In the face of a rapidly evolving economy, Rhode Island’s education and workforce systems need to keep pace, to meet the dual needs of workers (who need to remain employable), and employers (who need skilled workers to produce the goods and provide the services demanded by consumers). As we invest in the Rhode Island workforce, we need to ensure that the existing workforce, especially those currently lacking English language and other foundational skills or higher levels of education, are able to fully engage in the economy, by providing them with the opportunity to “skill up” to shape a more prosperous future for their families, and for Rhode Island.
This report focuses on the role that both education and training play in helping workers thrive, drawing on research at the national and state level to better understand the strategies that work to improve adult education, especially for those currently working in low-wage, lower skilled jobs.
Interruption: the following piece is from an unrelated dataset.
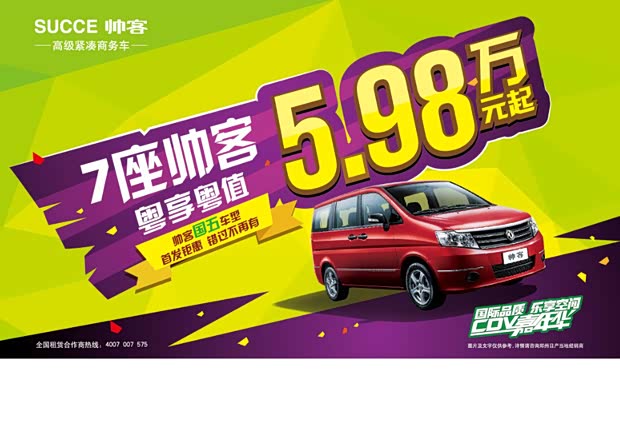 快让郑州日产帮您消消火,让降价风暴席卷夏日,一扫广东上空的阴霾吧!2015年6月1日-8月31日期间,郑州日产在广东所有郑州日产专营店,针对帅客1.5L国五全系车型推出“粤享粤值“活动,购买郑州日产帅客1.5L国五全系车型均可享受此项优惠,七座国五帅客低至5.98万的等你来抢。特价风暴,粤享粤值!帅客陪您,清凉一夏!

While formal postsecondary education – in the form of an Associate’s degree, a Bachelor’s degree, or higher – may be the right path for many, others can benefit from attaining occupational credentials, either via apprenticeship programs, or college-based certificate programs.
Because there will remain many low-skilled jobs, we need to adopt policies that raise the floor for those workers – so that full-time work offers both dignity of work and a livable wage. And we need to be intentional about addressing disparities based on race and ethnicity – such as persist in educational attainment, unemployment rates, and median wages.